§ Your goal: Below are some records. Retype exactly the lines from the one containing "WLS-R01 is a 2.4GHz" through the one containing "Portronics Unisex Adapto", both included, skipping every picture.

§ Given data:
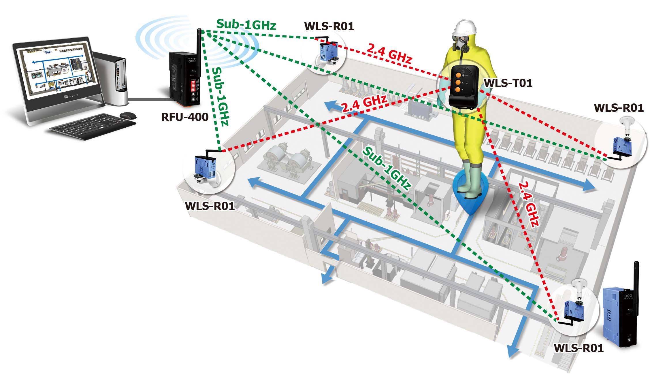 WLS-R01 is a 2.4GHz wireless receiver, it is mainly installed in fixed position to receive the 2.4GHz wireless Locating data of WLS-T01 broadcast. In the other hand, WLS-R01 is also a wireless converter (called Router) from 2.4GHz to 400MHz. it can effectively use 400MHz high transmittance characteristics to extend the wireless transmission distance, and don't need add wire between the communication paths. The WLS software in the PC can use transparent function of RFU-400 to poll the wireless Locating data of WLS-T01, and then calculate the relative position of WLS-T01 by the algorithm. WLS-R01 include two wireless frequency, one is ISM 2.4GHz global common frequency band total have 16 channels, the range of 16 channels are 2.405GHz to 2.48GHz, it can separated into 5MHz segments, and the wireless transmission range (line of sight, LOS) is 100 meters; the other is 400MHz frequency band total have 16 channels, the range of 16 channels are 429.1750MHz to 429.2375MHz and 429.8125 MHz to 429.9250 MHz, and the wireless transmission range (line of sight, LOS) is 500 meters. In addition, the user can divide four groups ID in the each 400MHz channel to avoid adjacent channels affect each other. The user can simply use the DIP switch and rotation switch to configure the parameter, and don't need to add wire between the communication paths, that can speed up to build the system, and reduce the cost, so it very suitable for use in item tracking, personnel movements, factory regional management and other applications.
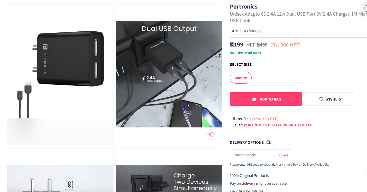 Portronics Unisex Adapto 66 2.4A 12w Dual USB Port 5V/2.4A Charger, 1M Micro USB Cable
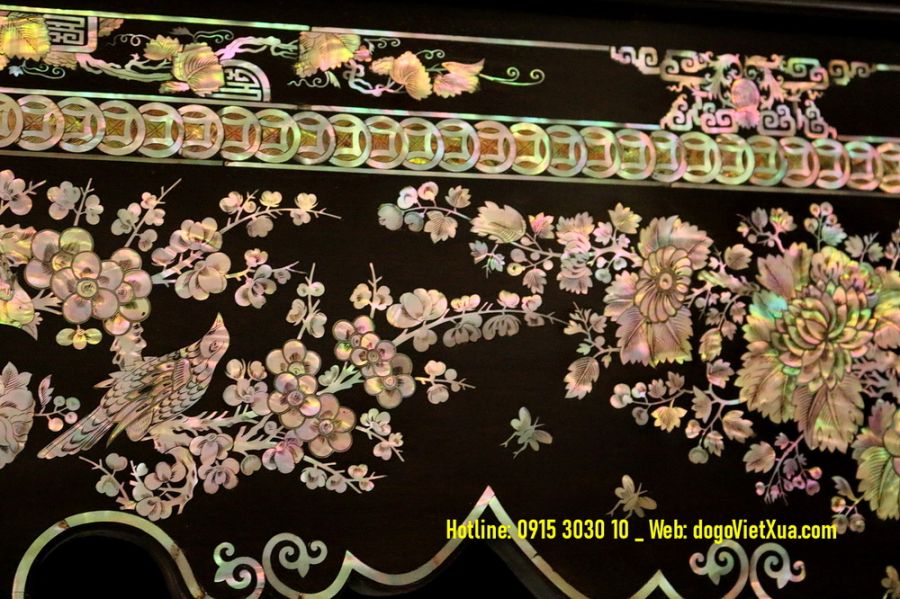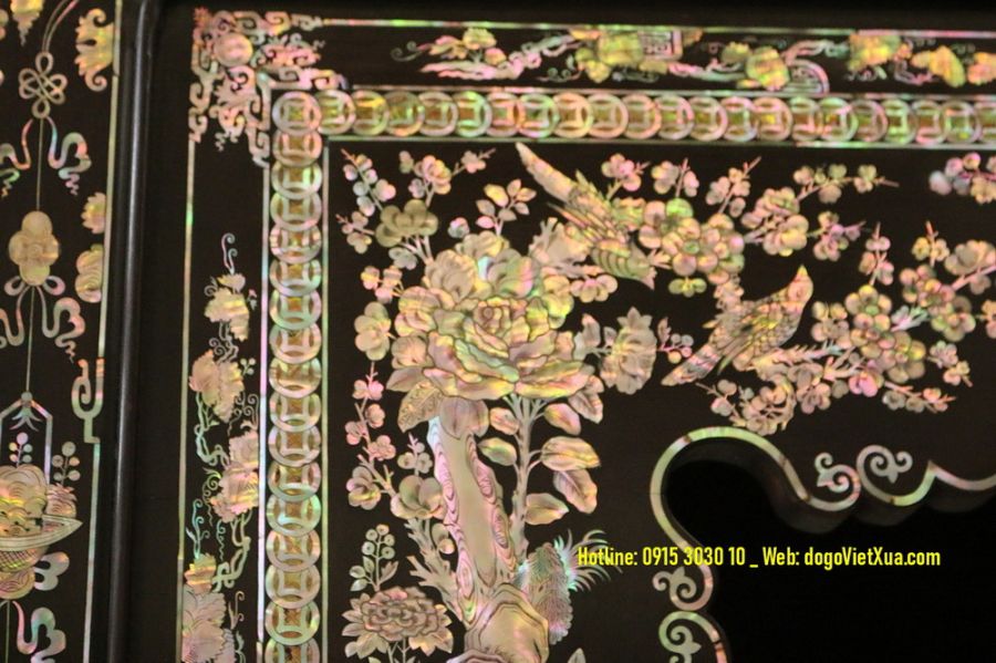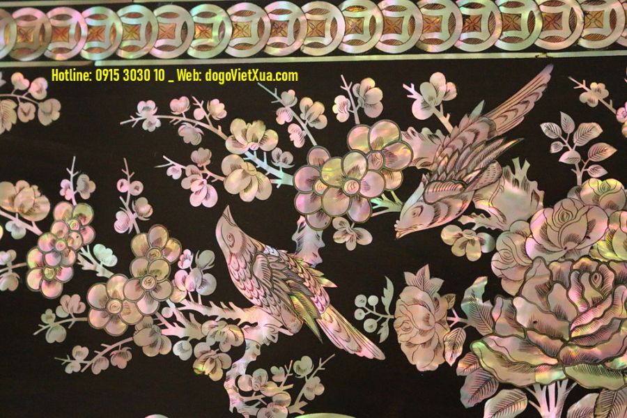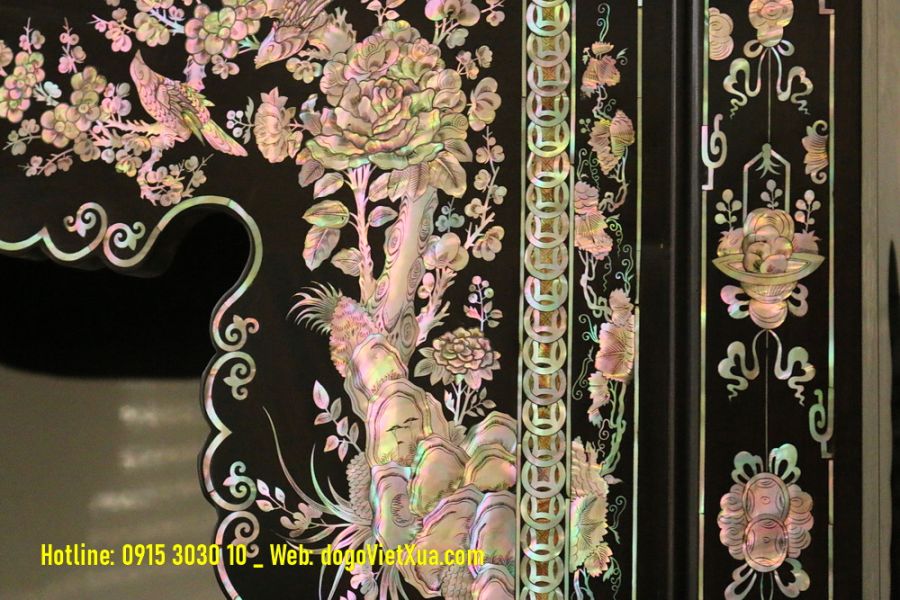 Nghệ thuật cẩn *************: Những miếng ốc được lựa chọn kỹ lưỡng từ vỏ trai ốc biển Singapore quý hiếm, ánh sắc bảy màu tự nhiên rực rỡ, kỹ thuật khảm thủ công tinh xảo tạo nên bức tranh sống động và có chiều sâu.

==

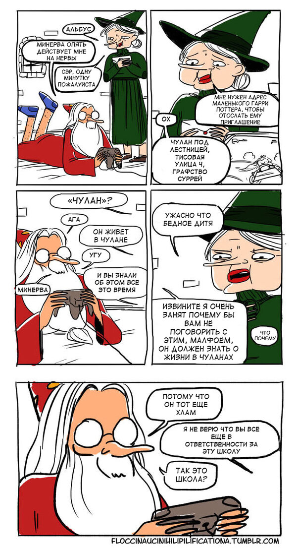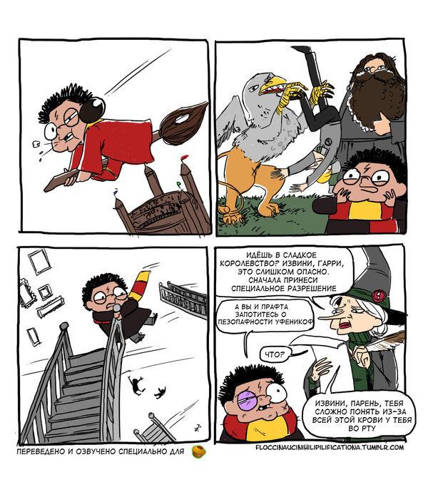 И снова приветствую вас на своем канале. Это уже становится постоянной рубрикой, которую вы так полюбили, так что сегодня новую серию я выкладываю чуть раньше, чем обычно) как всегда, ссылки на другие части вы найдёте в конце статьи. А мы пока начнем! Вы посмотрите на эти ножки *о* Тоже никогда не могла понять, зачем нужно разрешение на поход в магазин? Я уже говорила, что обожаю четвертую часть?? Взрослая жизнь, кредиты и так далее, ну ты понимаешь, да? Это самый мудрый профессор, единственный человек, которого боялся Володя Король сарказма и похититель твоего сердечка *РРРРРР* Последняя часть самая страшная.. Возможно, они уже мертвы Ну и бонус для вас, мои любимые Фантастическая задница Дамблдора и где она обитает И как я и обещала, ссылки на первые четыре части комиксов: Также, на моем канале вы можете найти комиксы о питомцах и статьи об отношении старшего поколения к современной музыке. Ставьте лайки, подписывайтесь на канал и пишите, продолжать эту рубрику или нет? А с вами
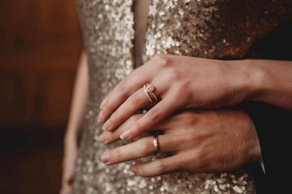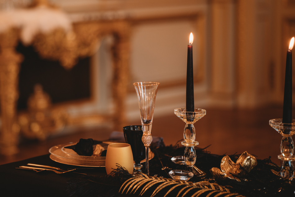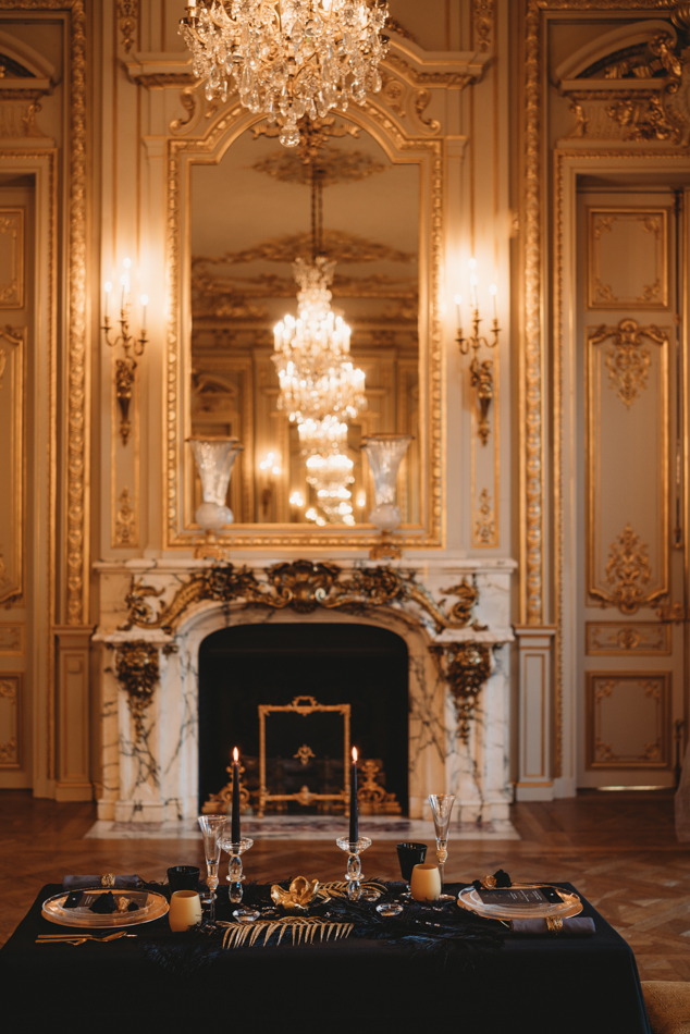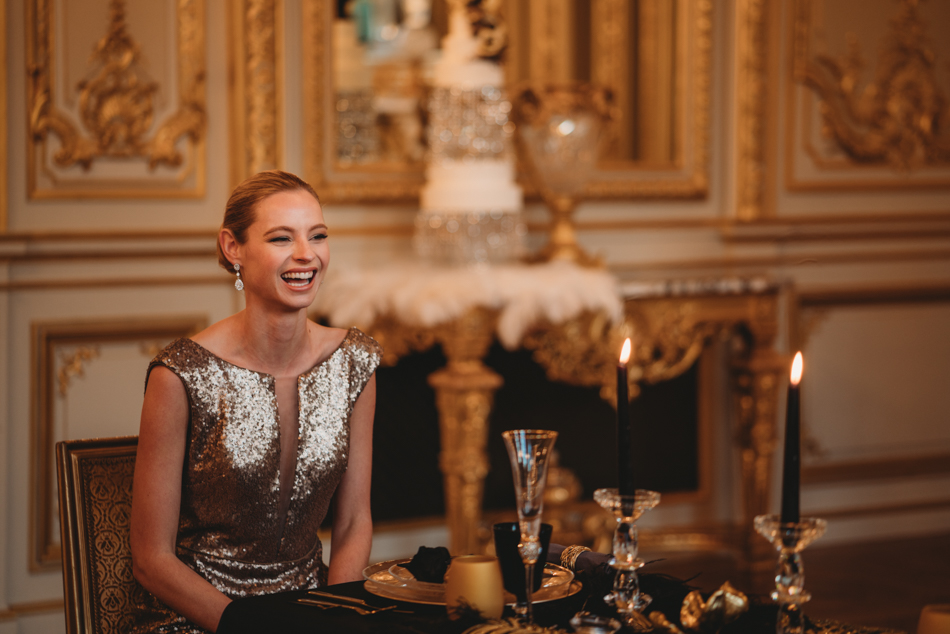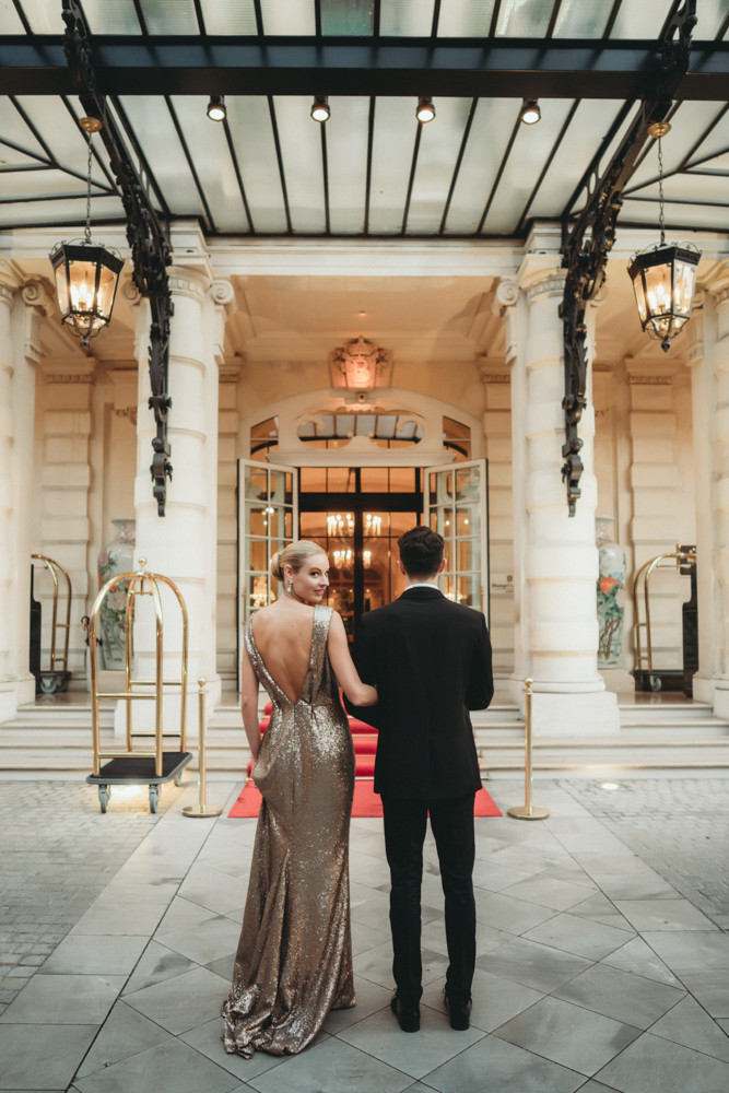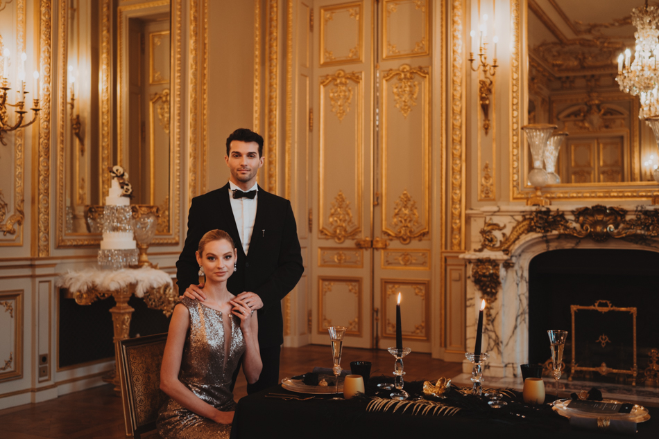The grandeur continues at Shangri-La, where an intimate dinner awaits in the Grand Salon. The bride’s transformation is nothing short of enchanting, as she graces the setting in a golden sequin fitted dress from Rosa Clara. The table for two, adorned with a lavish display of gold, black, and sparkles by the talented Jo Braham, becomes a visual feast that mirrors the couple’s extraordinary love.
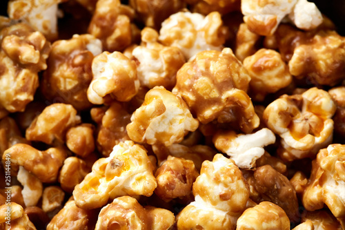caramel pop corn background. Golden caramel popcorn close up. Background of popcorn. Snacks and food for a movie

§ Solution to this exercise:
 WLS-R01 is a 2.4GHz wireless receiver, it is mainly installed in fixed position to receive the 2.4GHz wireless Locating data of WLS-T01 broadcast. In the other hand, WLS-R01 is also a wireless converter (called Router) from 2.4GHz to 400MHz. it can effectively use 400MHz high transmittance characteristics to extend the wireless transmission distance, and don't need add wire between the communication paths. The WLS software in the PC can use transparent function of RFU-400 to poll the wireless Locating data of WLS-T01, and then calculate the relative position of WLS-T01 by the algorithm. WLS-R01 include two wireless frequency, one is ISM 2.4GHz global common frequency band total have 16 channels, the range of 16 channels are 2.405GHz to 2.48GHz, it can separated into 5MHz segments, and the wireless transmission range (line of sight, LOS) is 100 meters; the other is 400MHz frequency band total have 16 channels, the range of 16 channels are 429.1750MHz to 429.2375MHz and 429.8125 MHz to 429.9250 MHz, and the wireless transmission range (line of sight, LOS) is 500 meters. In addition, the user can divide four groups ID in the each 400MHz channel to avoid adjacent channels affect each other. The user can simply use the DIP switch and rotation switch to configure the parameter, and don't need to add wire between the communication paths, that can speed up to build the system, and reduce the cost, so it very suitable for use in item tracking, personnel movements, factory regional management and other applications.
 Portronics Unisex Adapto 66 2.4A 12w Dual USB Port 5V/2.4A Charger, 1M Micro USB Cable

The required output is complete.